● **Exercise details**:
Please copy exactly the line containing "Regiões na regra" and every line after it, through the last line of the records below, leaving out all pictures.

● **Supplied data**:
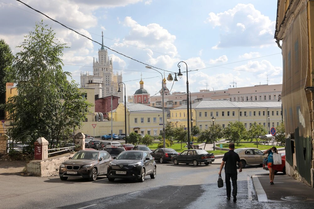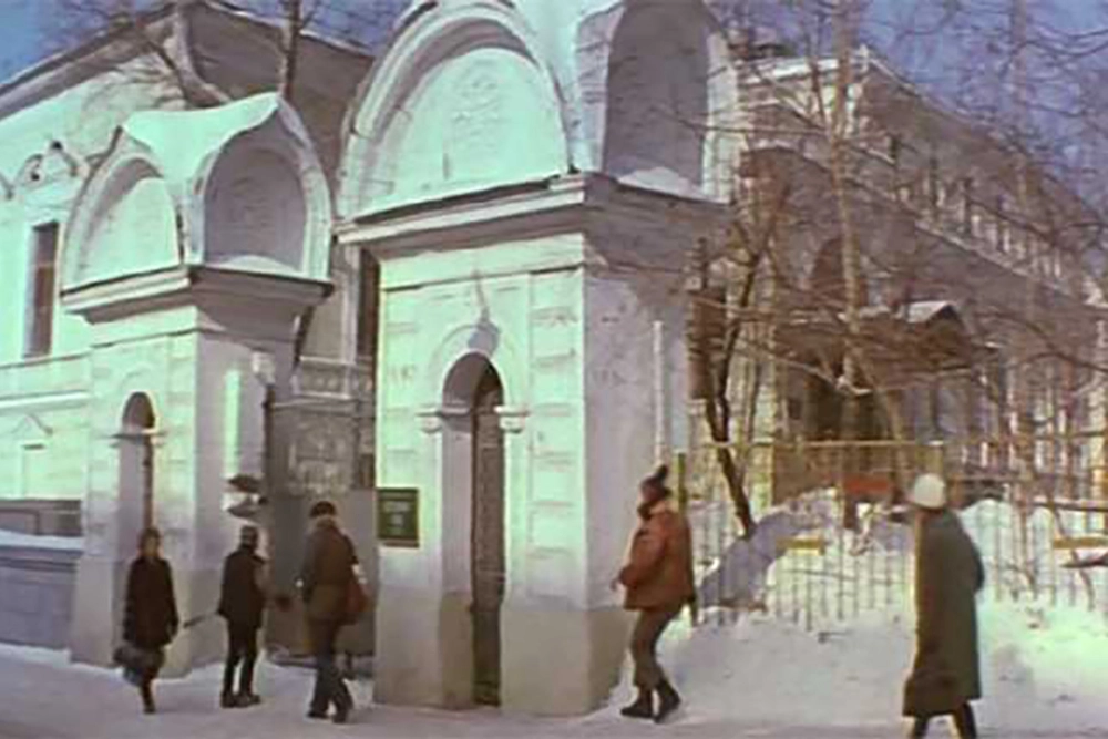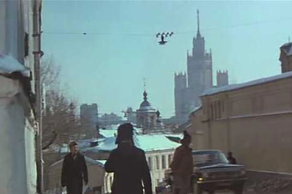 Многие живописные кадры в «Усатом няне» сняты в районе так называемой Ивановской горки — она считается одним из семи холмов Москвы, находится восточнее Кремля, неподалеку от Покровского бульвара и рядом с Хитровкой. Этот кадр из фильма снят на перекрестке Хохловского и Малого Ивановского переулков, а вдалеке видна высотка на Котельнической набережной. Кстати, в этом районе снимали многие фильмы — например, «Петровку, 38» или «Брат 2», а в картине «Тегеран-43» перекресток Солянки и улицы Забелина с успехом заменил небольшой кусочек Парижа.
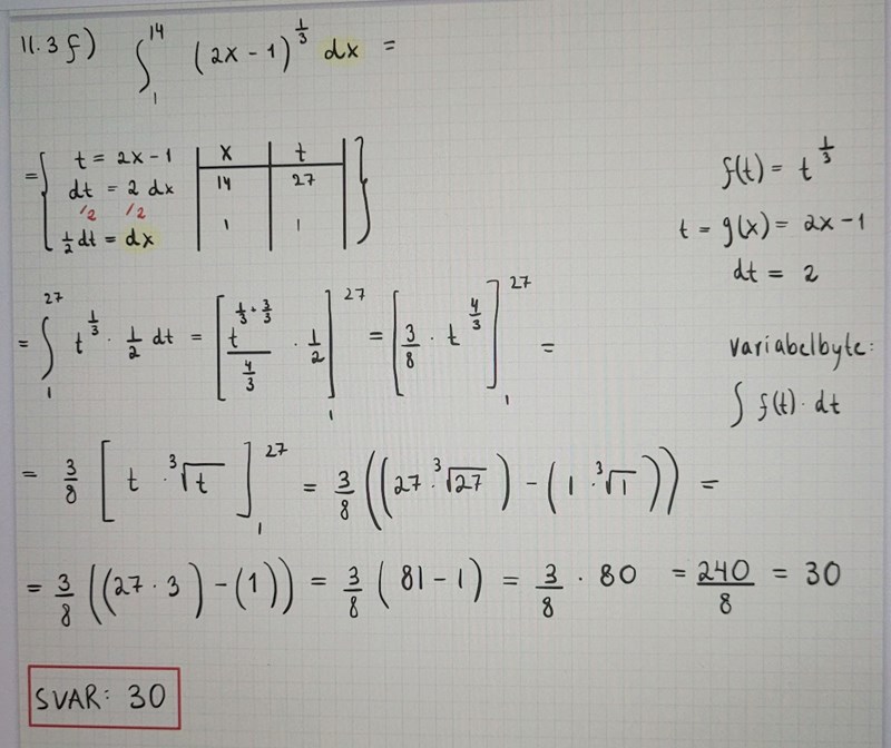 När man tar fram variabelbytet för en primitiv funktion så sker det på slutet (dvs ersätter alla t) men för en integral är det alltid så att själva integralsgränserna som indikerar att man gjort själv bytet?
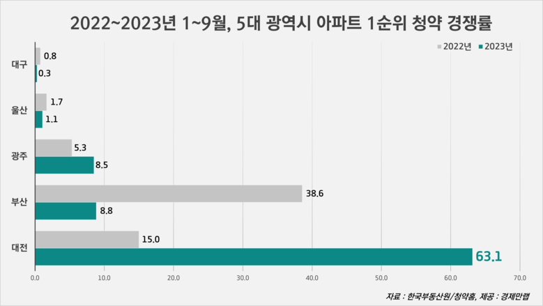 올해 1~9월, 대전 아파트 청약경쟁률 63대 1 기록
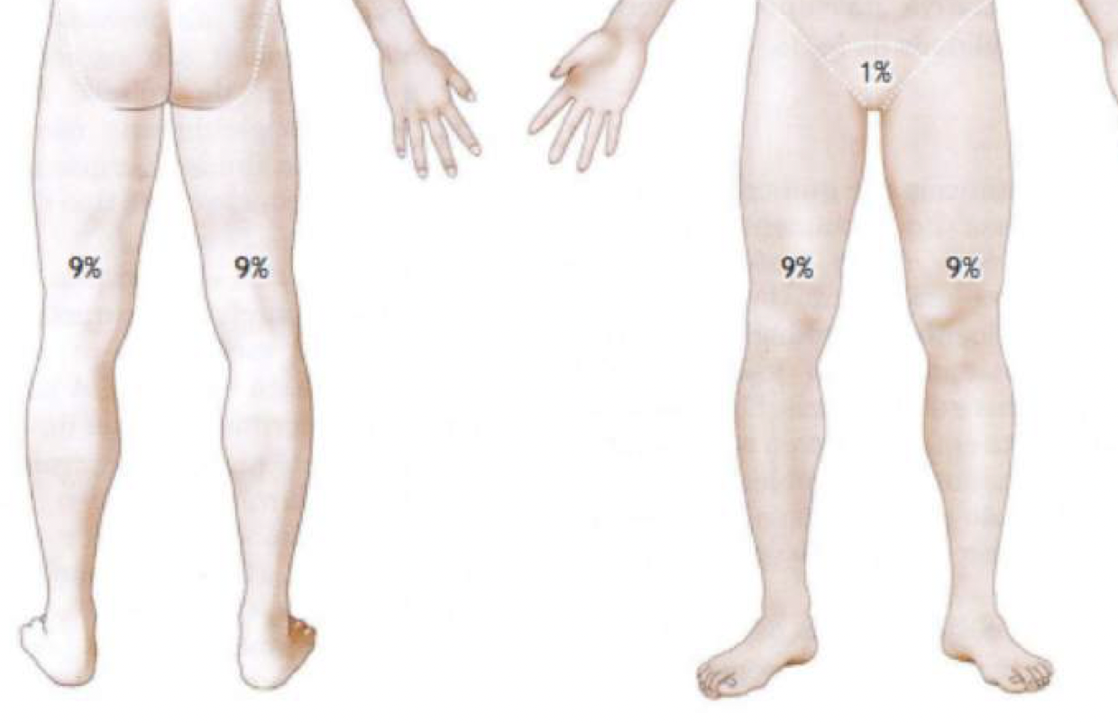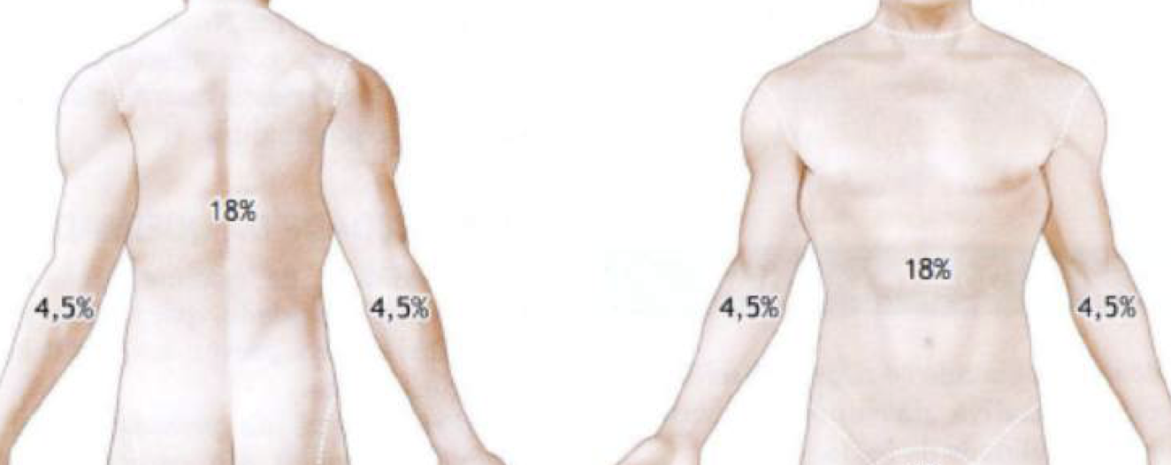 Regiões na regra dos 9 que correspondem a 1% de SCQ
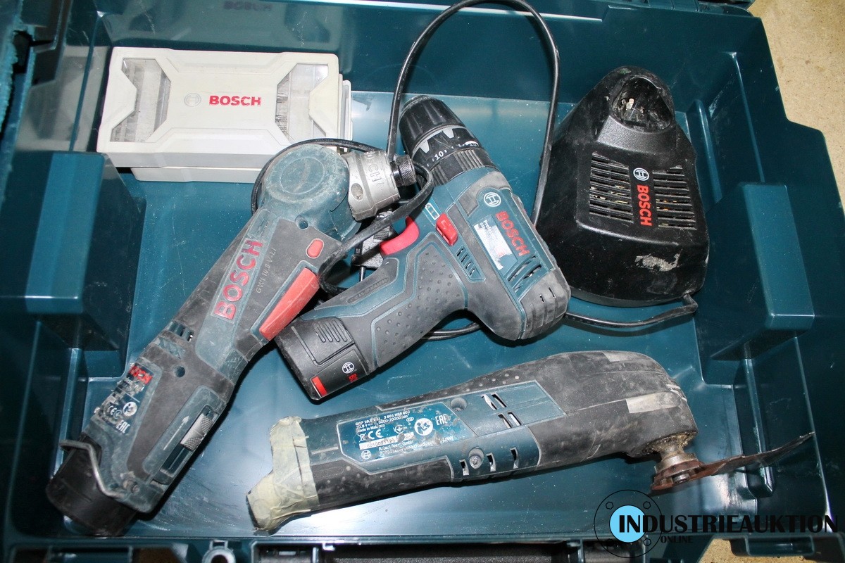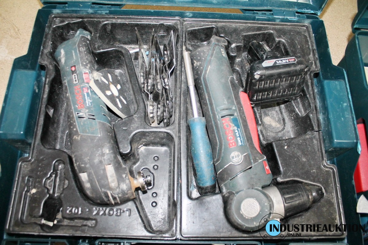 Koffer mit Multitool BOSCH GOP 10.8, Akkuschrauber sowie Winkelschrauber GWI 10.8, 2 Akkus, Ladgerät sowie Akku-Multitool, weiterer Akku-Winkelschrauber

● **Written reply**:
 Regiões na regra dos 9 que correspondem a 1% de SCQ
 Koffer mit Multitool BOSCH GOP 10.8, Akkuschrauber sowie Winkelschrauber GWI 10.8, 2 Akkus, Ladgerät sowie Akku-Multitool, weiterer Akku-Winkelschrauber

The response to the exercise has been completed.